Posted June 02, 2009, at 11:19 p.m.

CALAIS, Maine — Voters who go to the polls Tuesday will be asked to not only approve the 2009-10 school budget, but to vote on two changes to the city’s charter.

In years past, the City Council approved the school budget and it went into effect, but not now. Under state law, the proposed school budget must go before voters for final approval.

“I am encouraging voters to pass the school budget,” City Manager Diane Barnes said earlier this week. “It is a very good budget this year.

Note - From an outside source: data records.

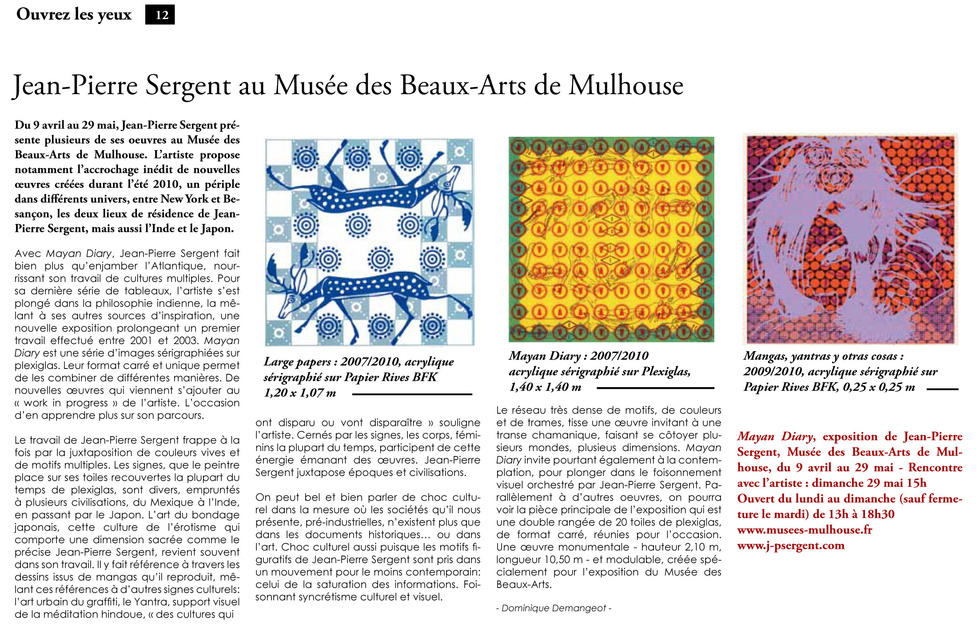 L’artiste plasticien Jean-Pierre Sergent, dont il a été question à plusieurs reprises dans ces colonnes, puise son inspiration dans la symbolique des cultures. Son procédé habituel, la sérigraphie sur papier ou sur Plexiglas, impose un travail en couches successives. Et ce sont, précisément, des couches successives de cultures qui se superposent dans ses créations. Graphismes aztèques ou mayas, yantras hindous, mais aussi mangas érotiques japonais se retrouvent ainsi interprétés sur une palette variée de couleurs souvent vives. L’énergie vitale qui en émane surprend les sens de l’observateur, lequel découvre, enfoui en lui, un rapport à l’univers aussi surprenant que singulier.
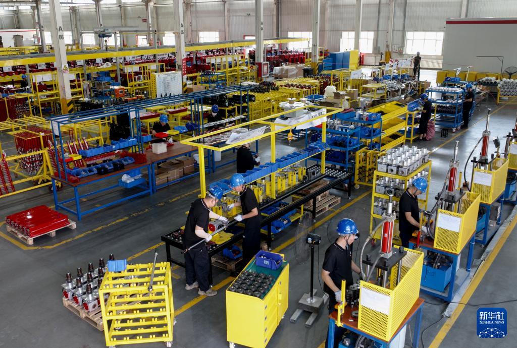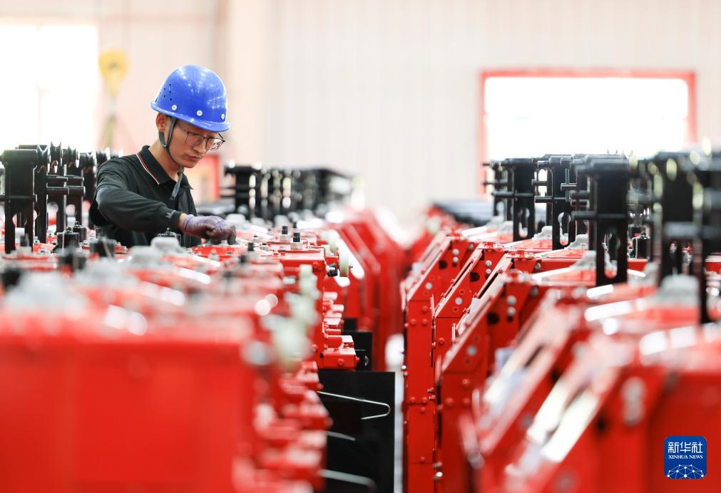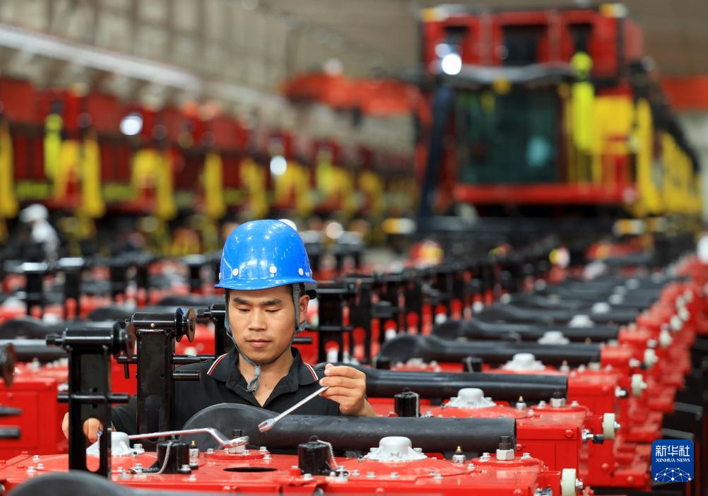 7月29日,工人在新疆缽施然智能農機股份有限公司的采棉機生產車間組裝配件。
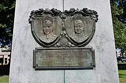 On the left flank of the pedestal is a bronze bas relief with an American Legion insignia containing the portraits of Arthur McElfresh and Warren Grimm, two legionnaire members who died during the Armistice Day Riot. A bronze plaque reads:[2]
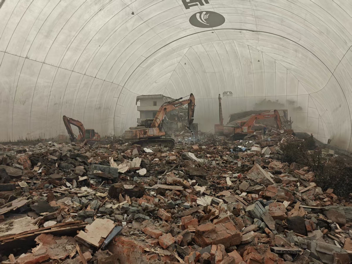 今年1月初,经过多方验证后,施工方选定了气膜结构。2月10日,气膜结构安装到位。传统露天拆除作业的粉尘扩散、噪音污染、天气制约等问题迎刃而解,实现了在不影响水厂正常供水、不破坏水源地生态的前提下,实现了拆除作业的安全、洁净、高效推进。
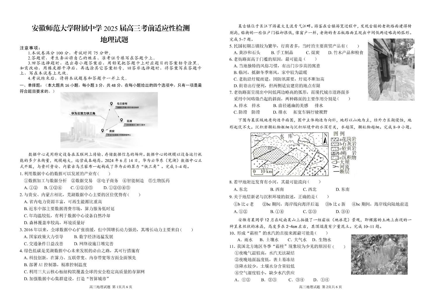 安徽师范大学附属中学2025届高三考前适应性检测 地理试题(含答案).pdf
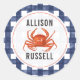 Ein Hochzeitsaufkleber mit einer Abbildung einer Krabbe über einem blauen Gingham-Hintergrund.
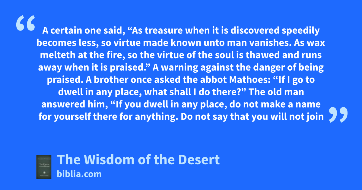 This work gathers together several sayings from the early Desert Fathers and monastics of the Church. The sayings are topically arranged, covering charity, humility, discretion, fasting, poverty, obedience, avoiding the praise of men, anger, avoiding many words, evil thoughts, and more.

In spite of what is going on in the economy, the superintendent came in with a reduction.”

The municipal and school budgets total more than $13 million, $266,569 less than last year.

Of that, the school budget, if approved by voters, will be $8.7 million or $127,844 less than last year.

Voters also will be asked to approve changes to the city’s charter, which Barnes says would help save the city money.

Question 1 asks voters if they would amend the charter to authorize the “borrowing of money to be paid over a period in excess of five years.”

The reasoning behind the change, Barnes said, was because the current language requires the city to seek an ordinance when borrowing money to be paid over a period of more than two years. “That costs us money when we do that,” she said. “It costs us $2,000 and two years is really a small amount of time to borrow money.”

If voters approve the change, then the city would be able to borrow money for more than five years without having to seek an ordinance.

There are other complications with the way that portion of the charter is now worded, she said.

“An ordinance requires bond counsel and takes effect 30 days after the public hearing and approval by City Council,” she said. “Hiring bond counsel is an additional expense to the taxpayers, and the 30-day waiting period could have a negative affect on the bid price if the lending agency must wait 30 days to close on a loan.”

Question 2, if approved, would make changes to the charter that would allow for more flexible rules when borrowing money.

The change reads, “The City Council, from time to time, may refinance or refund existing indebtedness as it deems appropriate without submitting a proposal for approval by the voters, provided that the refinancing reduces the rate of interest and does not materially extend the term during which payment is to be made.”

The city has three loans through the U.S. Department of Agriculture’s Rural Development program, which, if refinanced, would save the city money.

“All three of them are at 4.125 percent,” she said. “We are looking to refinance through the Maine Municipal Bond Bank, and we are estimating we can do it around 2½ percent. Over the life of those three loans, we are going to save $341,543, which is approximately $17,000 a year.”

If voters approve the changes, Barnes said, she did not see them having any adverse effect on city finances.